- What is expected
In the entries below, which lines run from the one with "今年の研修会テーマは「パトロ" through the one with "Τα στοιχεία της"? Repeat exactly those, both included, and no pictures.

- Data supplied
[Start of section]
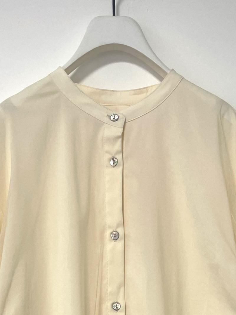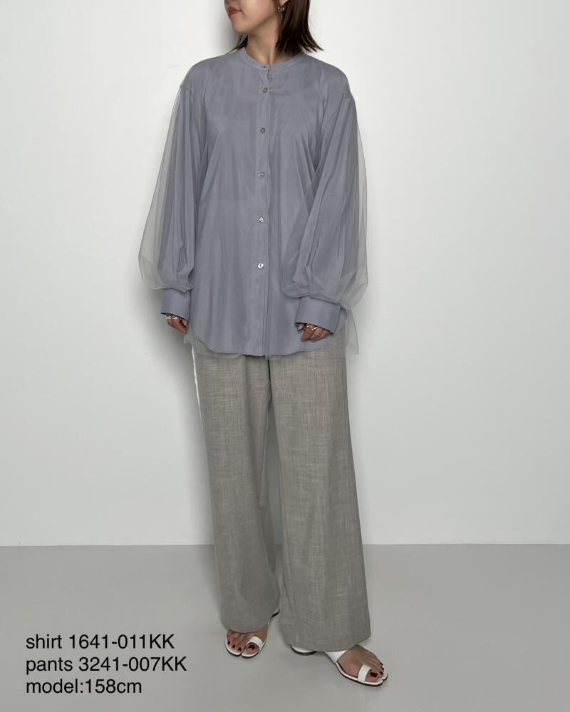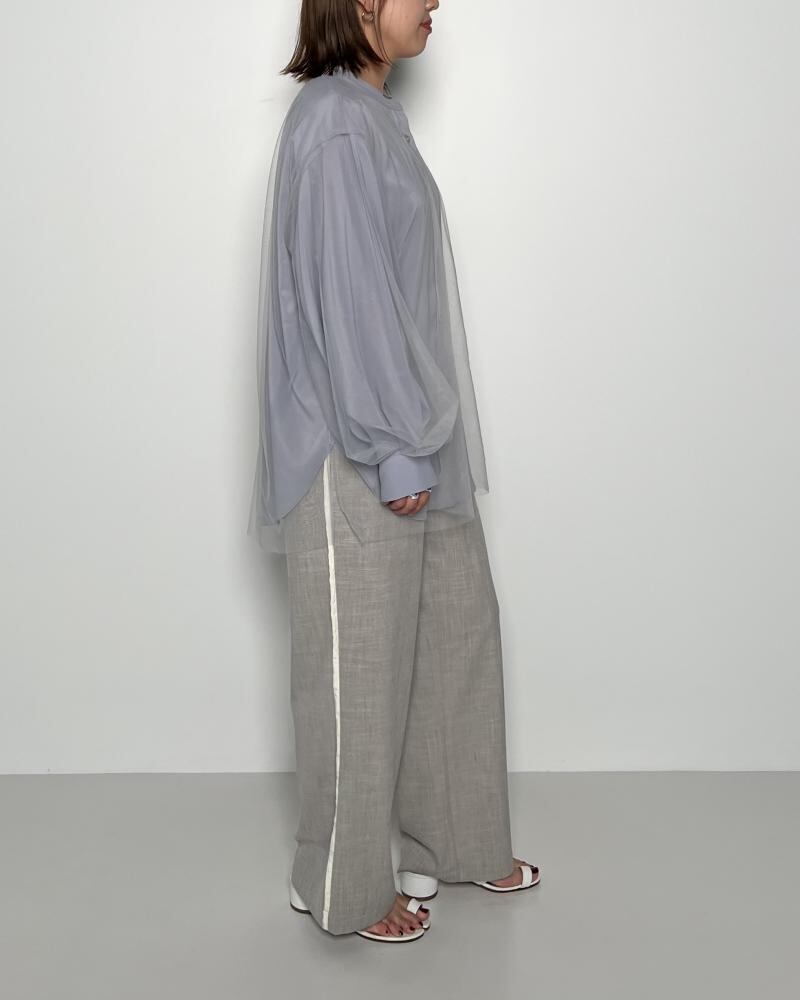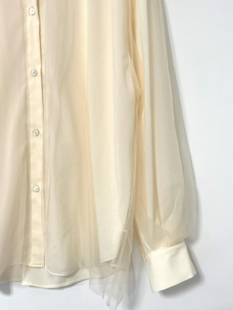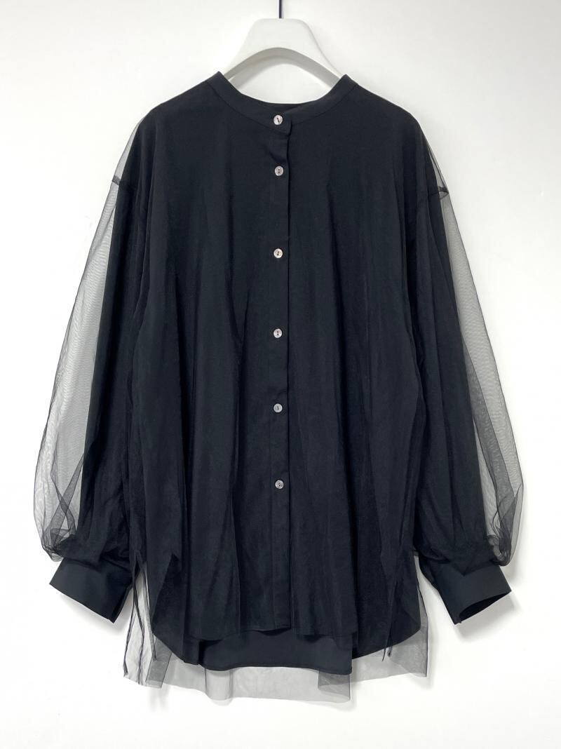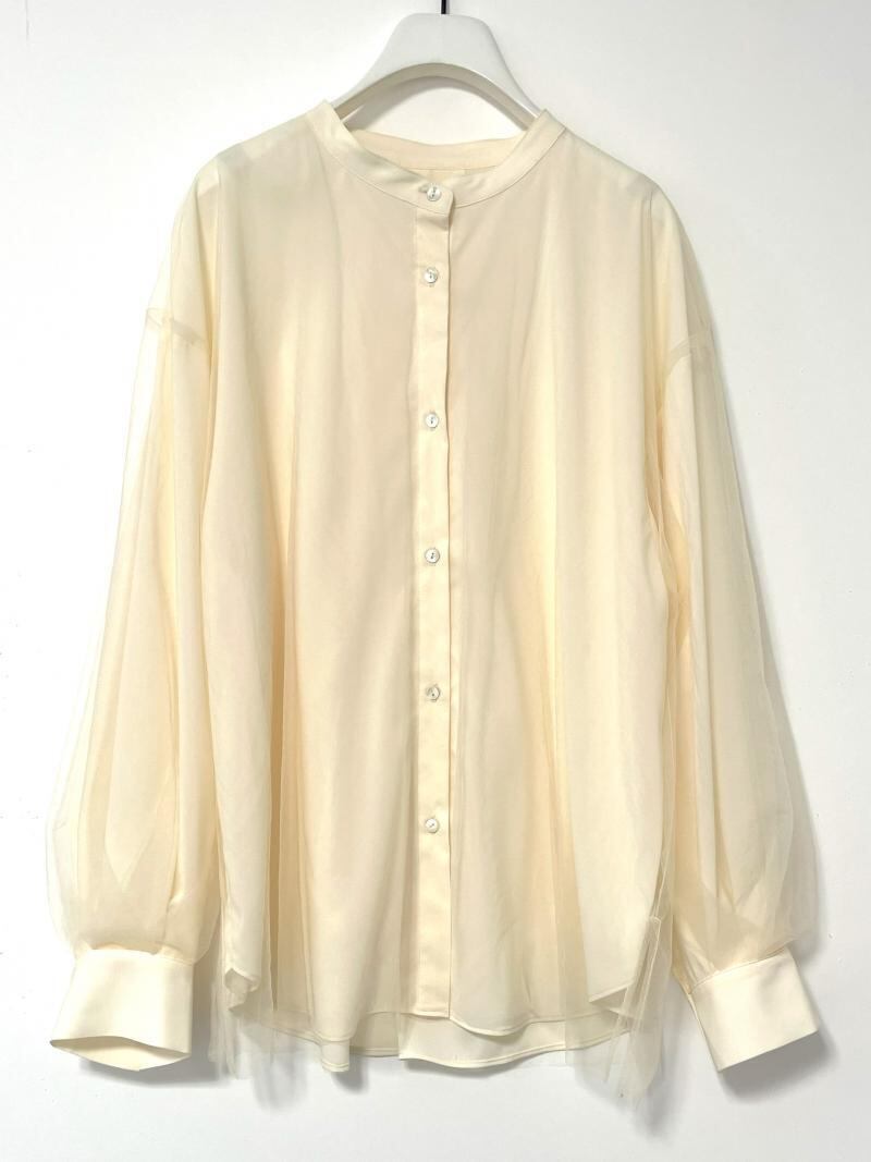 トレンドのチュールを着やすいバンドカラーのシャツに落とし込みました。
[End of section]
[Start of section]
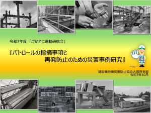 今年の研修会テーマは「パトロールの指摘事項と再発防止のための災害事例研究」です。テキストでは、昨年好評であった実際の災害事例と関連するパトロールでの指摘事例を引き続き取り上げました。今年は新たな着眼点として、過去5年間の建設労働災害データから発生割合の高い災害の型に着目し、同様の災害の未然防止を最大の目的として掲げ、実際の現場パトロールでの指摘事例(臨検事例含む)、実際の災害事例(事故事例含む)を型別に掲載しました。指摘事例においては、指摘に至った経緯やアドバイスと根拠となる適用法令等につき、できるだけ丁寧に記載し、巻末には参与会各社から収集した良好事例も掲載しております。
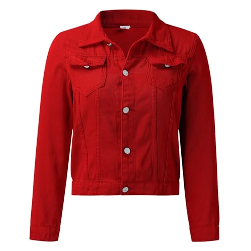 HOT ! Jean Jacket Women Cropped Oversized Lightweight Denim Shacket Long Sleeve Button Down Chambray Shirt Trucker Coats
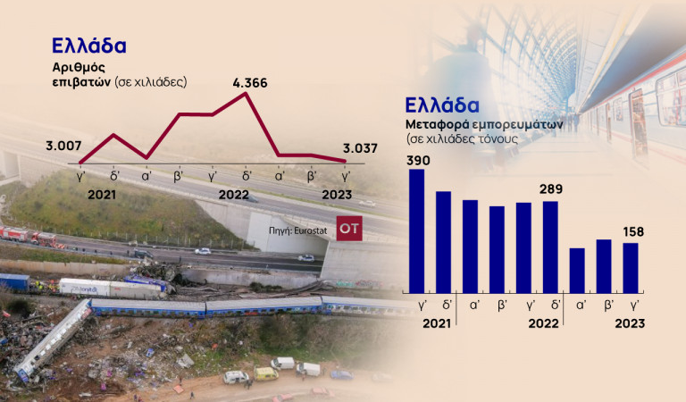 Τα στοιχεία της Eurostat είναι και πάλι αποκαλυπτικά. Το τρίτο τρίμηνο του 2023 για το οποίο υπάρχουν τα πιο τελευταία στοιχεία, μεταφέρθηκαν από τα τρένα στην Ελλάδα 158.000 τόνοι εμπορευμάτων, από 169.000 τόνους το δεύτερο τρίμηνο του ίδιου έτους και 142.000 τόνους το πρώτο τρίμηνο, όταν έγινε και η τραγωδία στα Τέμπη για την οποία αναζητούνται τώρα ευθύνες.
[End of section]
[Start of section]
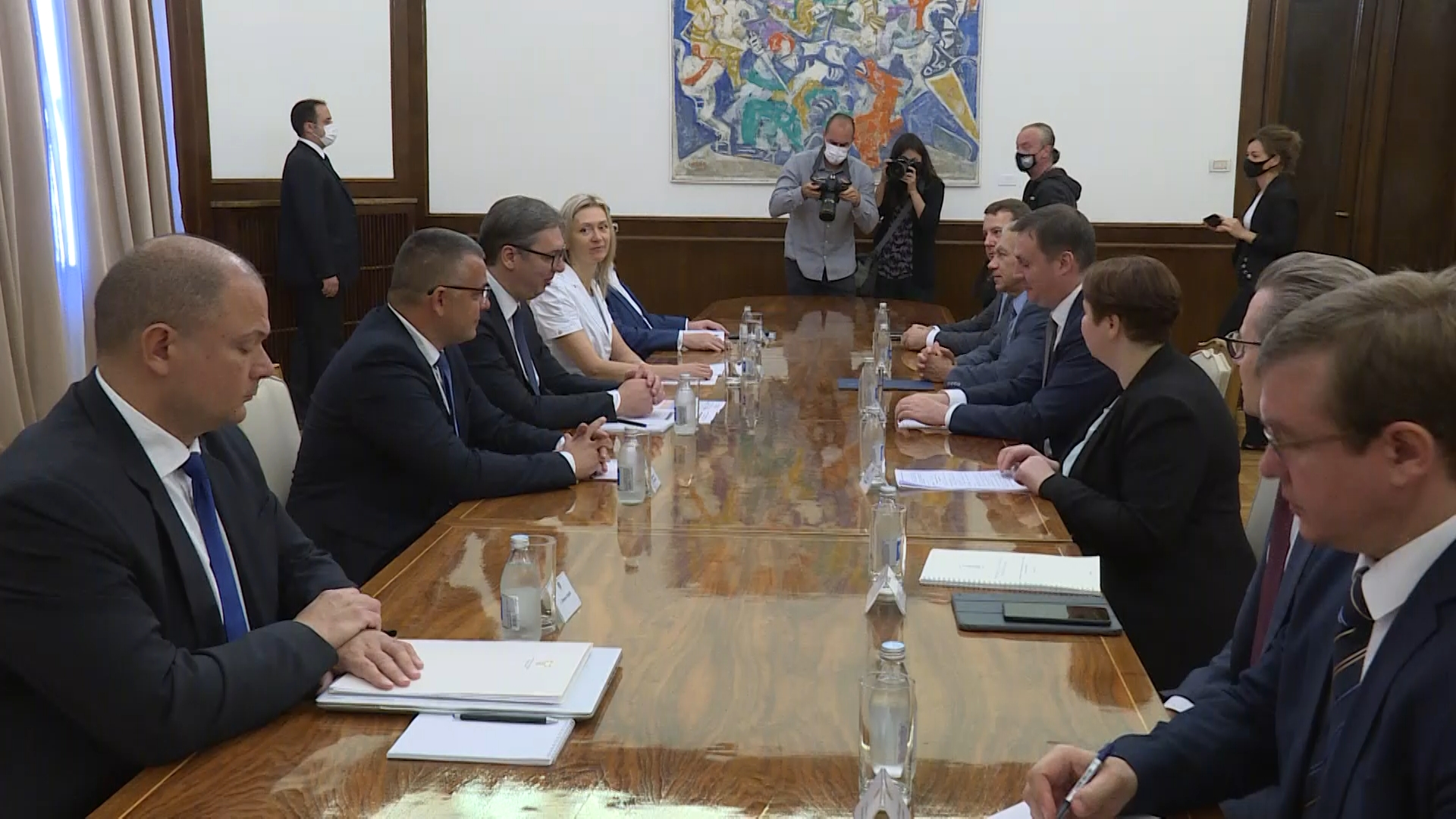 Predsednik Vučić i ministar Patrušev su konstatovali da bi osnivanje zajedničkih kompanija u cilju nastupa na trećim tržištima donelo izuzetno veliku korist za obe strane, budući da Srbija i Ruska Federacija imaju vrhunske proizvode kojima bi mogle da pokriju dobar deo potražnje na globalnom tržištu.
[End of section]
- Answer space
 今年の研修会テーマは「パトロールの指摘事項と再発防止のための災害事例研究」です。テキストでは、昨年好評であった実際の災害事例と関連するパトロールでの指摘事例を引き続き取り上げました。今年は新たな着眼点として、過去5年間の建設労働災害データから発生割合の高い災害の型に着目し、同様の災害の未然防止を最大の目的として掲げ、実際の現場パトロールでの指摘事例(臨検事例含む)、実際の災害事例(事故事例含む)を型別に掲載しました。指摘事例においては、指摘に至った経緯やアドバイスと根拠となる適用法令等につき、できるだけ丁寧に記載し、巻末には参与会各社から収集した良好事例も掲載しております。
 HOT ! Jean Jacket Women Cropped Oversized Lightweight Denim Shacket Long Sleeve Button Down Chambray Shirt Trucker Coats
 Τα στοιχεία της Eurostat είναι και πάλι αποκαλυπτικά. Το τρίτο τρίμηνο του 2023 για το οποίο υπάρχουν τα πιο τελευταία στοιχεία, μεταφέρθηκαν από τα τρένα στην Ελλάδα 158.000 τόνοι εμπορευμάτων, από 169.000 τόνους το δεύτερο τρίμηνο του ίδιου έτους και 142.000 τόνους το πρώτο τρίμηνο, όταν έγινε και η τραγωδία στα Τέμπη για την οποία αναζητούνται τώρα ευθύνες.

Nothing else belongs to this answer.